» **DATA RECORDS**
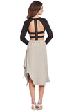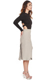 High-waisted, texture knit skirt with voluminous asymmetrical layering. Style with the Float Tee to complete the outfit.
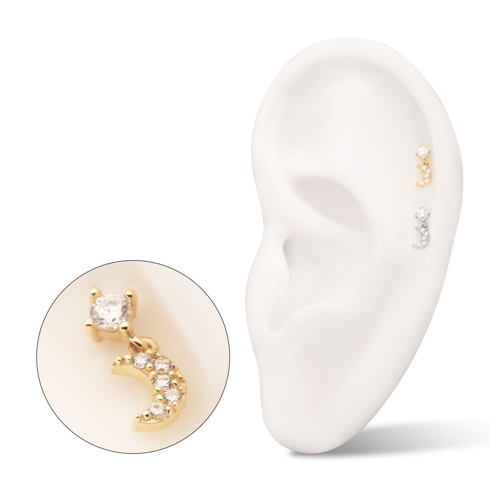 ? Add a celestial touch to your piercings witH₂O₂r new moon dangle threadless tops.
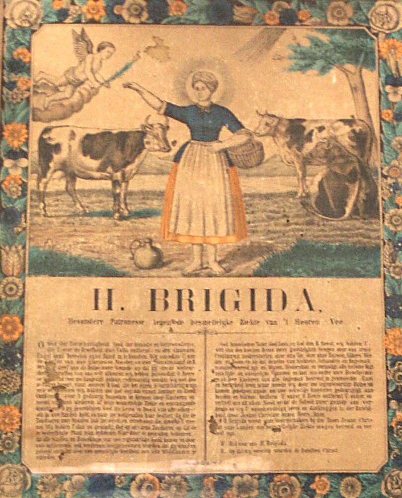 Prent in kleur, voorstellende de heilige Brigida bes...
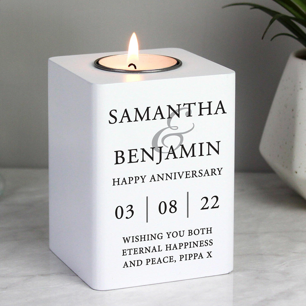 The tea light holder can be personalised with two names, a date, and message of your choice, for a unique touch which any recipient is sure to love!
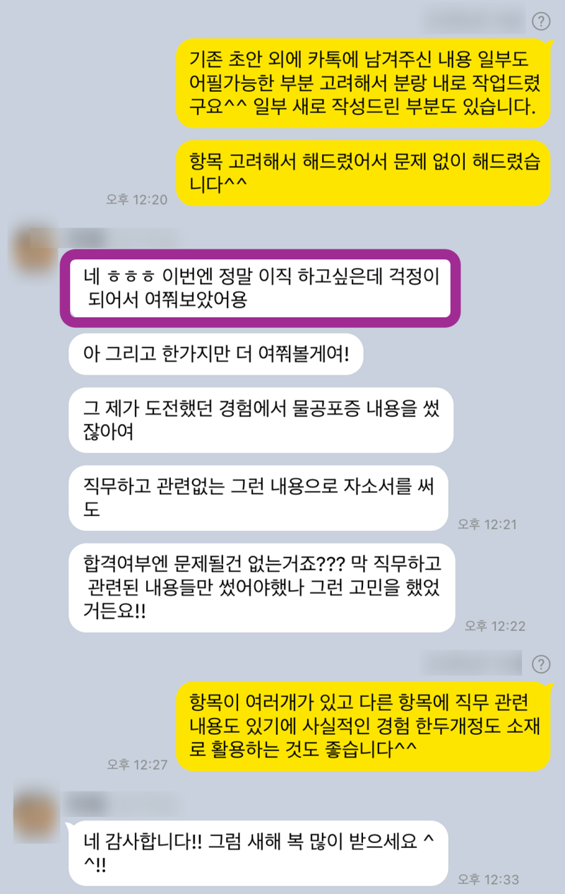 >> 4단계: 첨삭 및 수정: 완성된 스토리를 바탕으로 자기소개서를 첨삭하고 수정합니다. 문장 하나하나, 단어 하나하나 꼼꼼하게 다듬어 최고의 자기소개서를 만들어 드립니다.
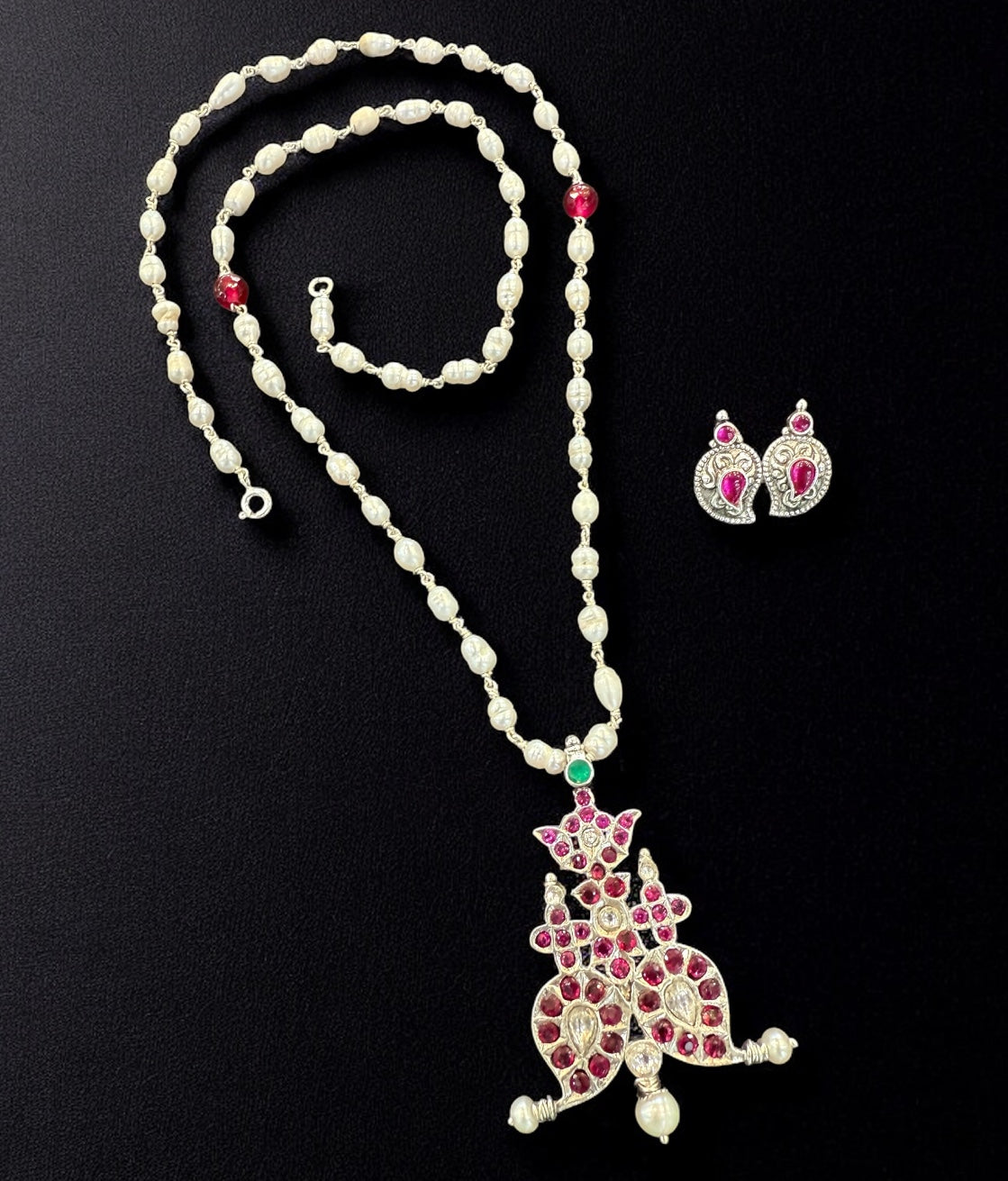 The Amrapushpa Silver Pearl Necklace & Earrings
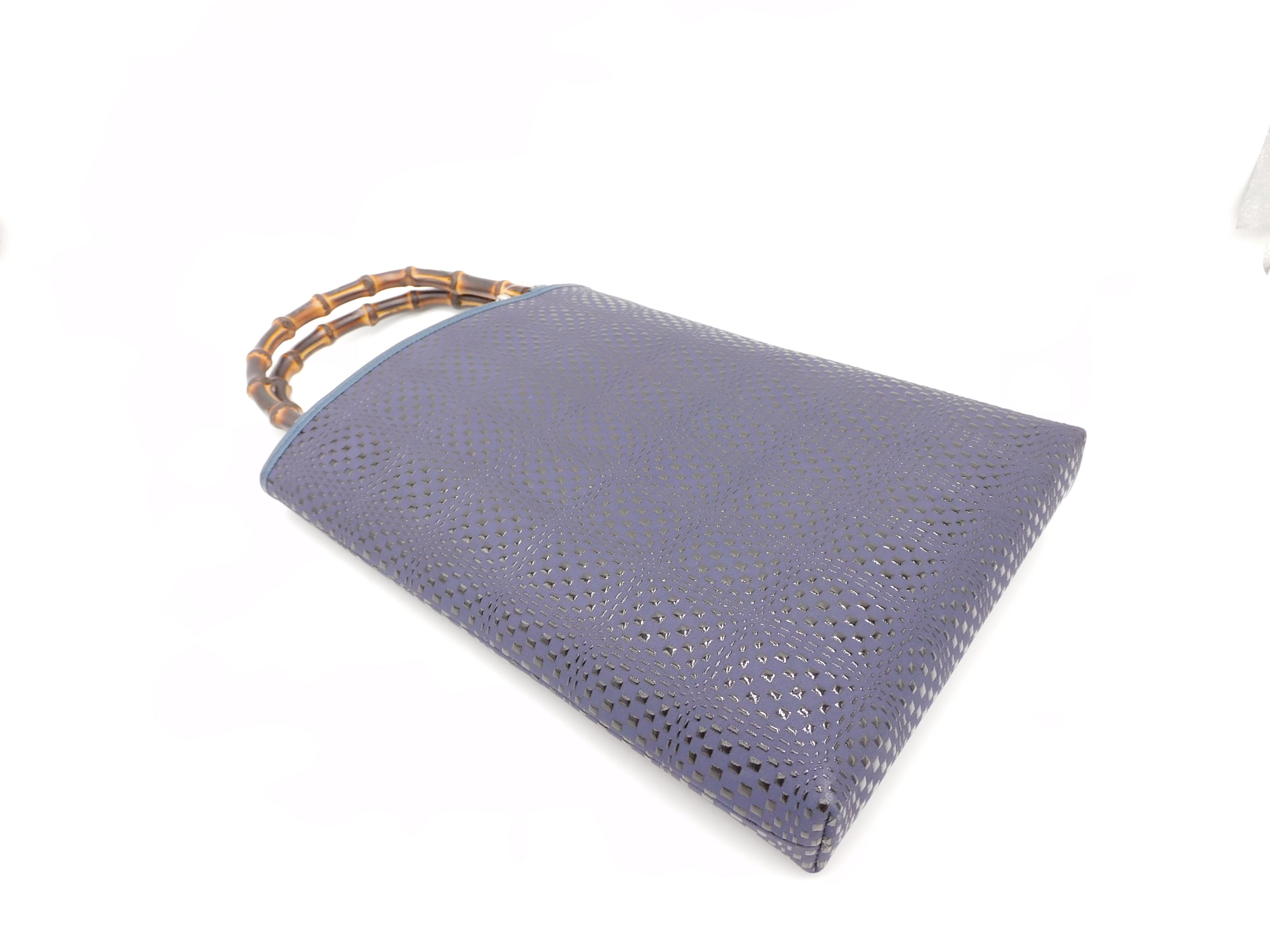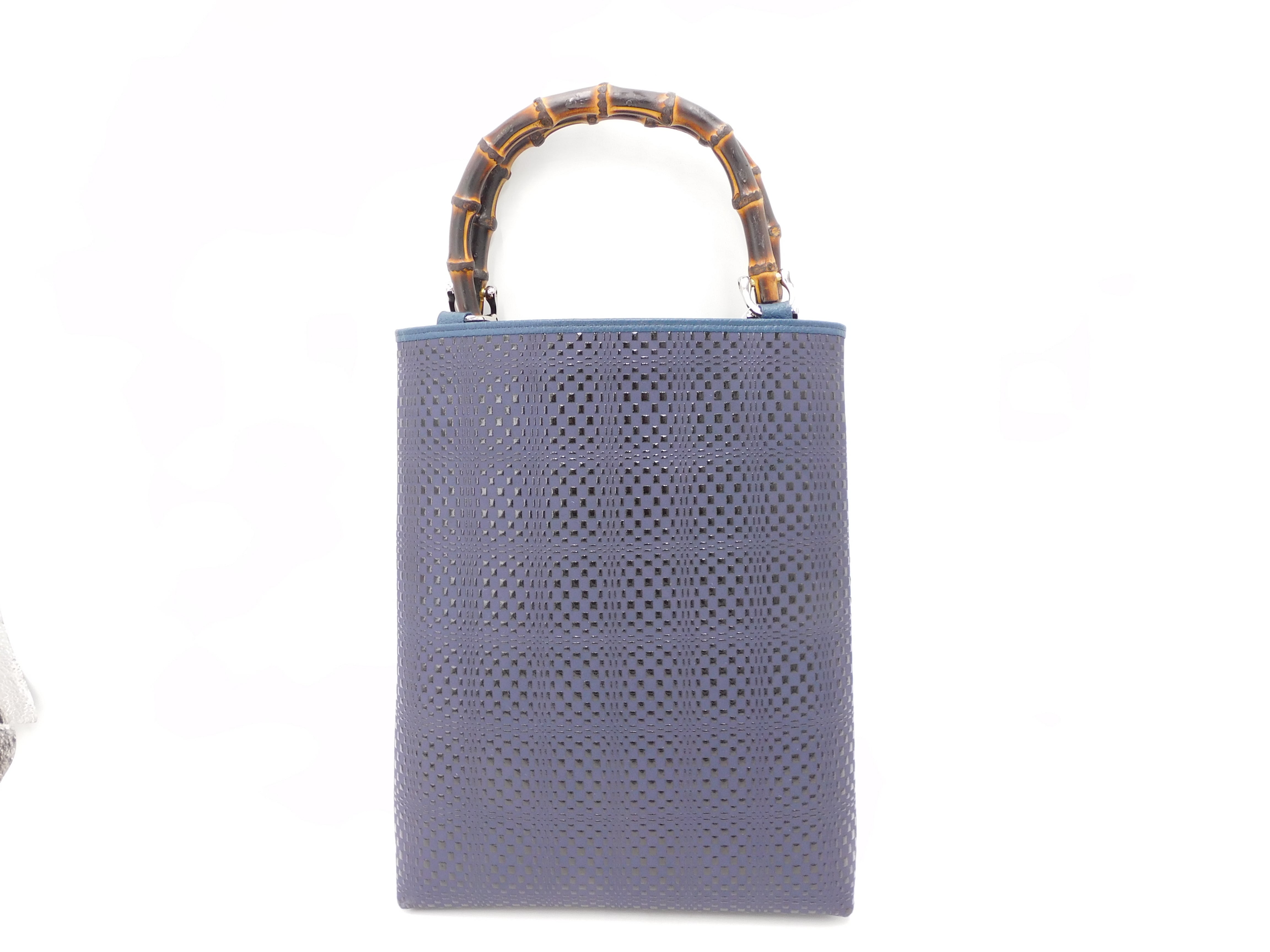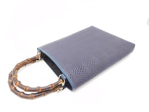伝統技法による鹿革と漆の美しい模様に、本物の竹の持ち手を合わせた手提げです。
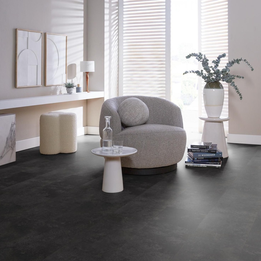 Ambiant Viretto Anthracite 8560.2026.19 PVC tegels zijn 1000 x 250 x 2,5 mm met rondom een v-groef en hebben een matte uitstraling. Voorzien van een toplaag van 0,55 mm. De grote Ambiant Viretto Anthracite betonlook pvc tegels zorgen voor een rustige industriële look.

» **EXERCISE INSTRUCTIONS**
The response has to be an exact copy of all the data, pictures excluded.

» **ANSWER SPACE**
 High-waisted, texture knit skirt with voluminous asymmetrical layering. Style with the Float Tee to complete the outfit.
 ? Add a celestial touch to your piercings witH₂O₂r new moon dangle threadless tops.
 Prent in kleur, voorstellende de heilige Brigida bes...
 The tea light holder can be personalised with two names, a date, and message of your choice, for a unique touch which any recipient is sure to love!
 >> 4단계: 첨삭 및 수정: 완성된 스토리를 바탕으로 자기소개서를 첨삭하고 수정합니다. 문장 하나하나, 단어 하나하나 꼼꼼하게 다듬어 최고의 자기소개서를 만들어 드립니다.
 The Amrapushpa Silver Pearl Necklace & Earrings
伝統技法による鹿革と漆の美しい模様に、本物の竹の持ち手を合わせた手提げです。
 Ambiant Viretto Anthracite 8560.2026.19 PVC tegels zijn 1000 x 250 x 2,5 mm met rondom een v-groef en hebben een matte uitstraling. Voorzien van een toplaag van 0,55 mm. De grote Ambiant Viretto Anthracite betonlook pvc tegels zorgen voor een rustige industriële look.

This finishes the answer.